Public Relations and Journalism: Corporate Partners

Obamacare and The War on Terror are two prime examples of Public Relation's partnership with journalism. Both phrases were consistently used as headlines and topics on news stories around America. PR created the phrases and helped create a perception of each issue, and journalists reinforced the image1 . The healthcare plan is actually an age old effort of senators like the late Ted Kennedy, who stated that he would devote his life to its passage (it was passed soon after his death in 2009)2.  Journalists picked up on the name, either in order to give credit for its passage to Obama or to attach a negative connotation to the bill. The War on Terror was called so in order to encourage public support of a war in the Middle East. When Jayson Blair caused a scandal at the New York Times, and when newspapers feel that people are not reading and enjoying what they read, they needed PR. This article demonstrated  that PR started working in conjunction with journalism, the importance of a partnership to PR and journalism, and that the future of newspapers rest on their partnership and yet independence from public relations.

In both instances it is important to see the thin line separating PR and journalism. It is the false pride of some practitioners in both areas that sometimes does not allow credit to be given to the other. PR can help journalism weather the tough economic climate. As an Advertising and Public Relations major and a journalism minor, I recognize how closely connected both areas are and how many of the skills are closely related. The story documented that PR began with former journalist Ivy Lee tipping reporters on a train wreck. With World War I "publicity agents" helped the government to educate American's on the war through press releases.
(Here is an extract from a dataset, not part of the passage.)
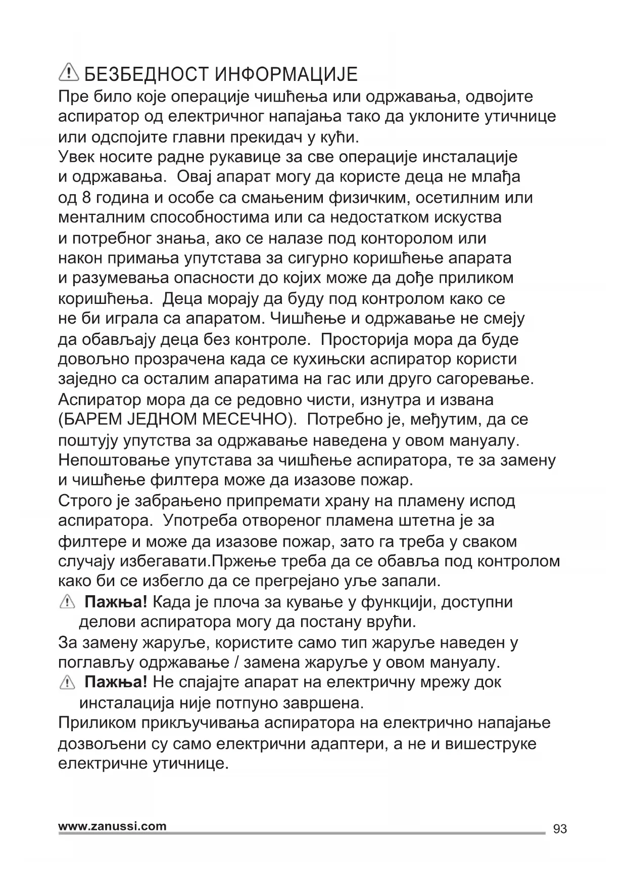 1 ON/OFF светла 2 OFF мотори 3 Моќ на всмукување минимална 4 Моќ на всмукување средна 5 Моќ на всмукување максимална Користете ја најголемата брзина во случај на невообичаена концентрација на пареи во кујната. Ви препорачуваме да го вклучите издувувањето 5 минути пред да започнете со готвењето и да го оставите да работи околу 15 минути по завршување на готвењето. ЕДИНИЦА ЗА ОСВЕТЛУВАЊЕ Исклучете го уредот од струјното напојување. Предупредување! Пред да ги допрете сијаличките проверете дали се изладени. Да се користи само ЛЕД лампа од максимум 3W-E14. За повеќе детали, консултирајте се со приложениот документ "ILCOS D" (бр. "1d").93 www.zanussi.com БЕЗБЕДНОСТ ИНФОРМАЦИЈЕ Пре било које операције чишћења или одржавања, одвојите аспиратор од електричног напајања тако да уклоните утичнице или одспојите главни прекидач у кући. Увек носите радне рукавице за све операције инсталације и одржавања. Овај апарат могу да користе деца не млађа од 8 година и особе са смањеним физичким, осетилним или менталним способностима или са недостатком искуства и потребног знања, ако се налазе под конторолом или након примања упутстава за сигурно коришћење апарата и разумевања опасности до којих може да дође приликом коришћења. Деца морају да буду под контролом како се не би играла са апаратом. Чишћење и одржавање не смеју да обављају деца без контроле. Просторија мора да буде довољно прозрачена када се кухињски аспиратор користи заједно са осталим апаратима на гас или друго сагоревање. Аспиратор мора да се редовно чисти, изнутра и извана (БАРЕМ ЈЕДНОМ МЕСЕЧНО). Потребно је, међутим, да се поштују упутства за одржавање наведена у овом мануалу. Непоштовање упутстава за чишћење аспиратора, те за замену и чишћење филтера може да изазове пожар. Строго је забрањено припремати храну на пламену испод аспиратора. Употреба отвореног пламена штетна је за филтере и може да изазове пожар, зато га треба у сваком случају избегавати.Пржење треба да се обавља под контролом како би се избегло да се прегрејано уље запали. Пажња! Када је плоча за кување у функцији, доступни делови аспиратора могу да постану врући. За замену жаруље, користите само тип жаруље наведен у поглављу одржавање / замена жаруље у овом мануалу. Пажња! Не спајајте апарат на електричну мрежу док инсталација није потпуно завршена. Приликом прикључивања аспиратора на електрично напајање дозвољени су само електрични адаптери, а не и вишеструке електричне утичнице.94 www.zanussi.com БЕЗБЕДНОСНА УПУТСТВА Што се тиче техничких мера и мера сигурности које морају се да предузму приликом испуштања пара, треба се строго придржавати одредби и прописа локалних власти. Испушни ваздух не сме да буде преношен каналом за испуштање пара произведених од стране апарата на гас или друго сагоревање. Немојте да користите или остављате аспиратор без правилно монтираних жаруља због могуће опасности од струјног удара. Никада не користите аспиратор без правилно монтиране мреже! Аспиратор се не сме НИКАДА користити као површина за одлагање, осим ако то није изричито наведено. Користите само шарафе за монтажу испоручене са производом, или, ако нису испоручени, купите правилну врсту шрафова. Користите правилну дужину за шарафе, наведену у Водичу за инсталацију. Ако сте у недоумици, обратите се овлашћеном сервису или сличном квалификованом особљу. ПАЖЊА! Н

PR needs journalism, and journalism needs PR. People should not see them as competing industries, but as industries that both work to get information to large amounts of people at the same time. Due to PR's quick evolution online they have recently grown much faster than the newspaper industry has. However, that does not mean that journalism will not be able to recover. People are beginning to become interested in politics and world affairs and again, and that is due to the efforts of both industries.

Though I have stressed the partnership between the two, I also must stress that they still remain separate. Similar to how a married couple becomes one, yet still has separate ideas, dreams and identities. Journalism should not become a paid market simply to sell a framed story. They are to report the truth no matter what company or entity it may affect negatively. PR and newspapers should help each other survive without one overrunning the other. John Sullivan on Pro Publica noted that "the rise of the "publicity agent" created deep concern among the nation's leaders, who distrusted a middleman inserting itself and shaping messages between government and the public." People trust the newspaperman in some areas more and the pr agent is some areas more. The bottom line is that the truth should reign in the partnership between PR and journalism.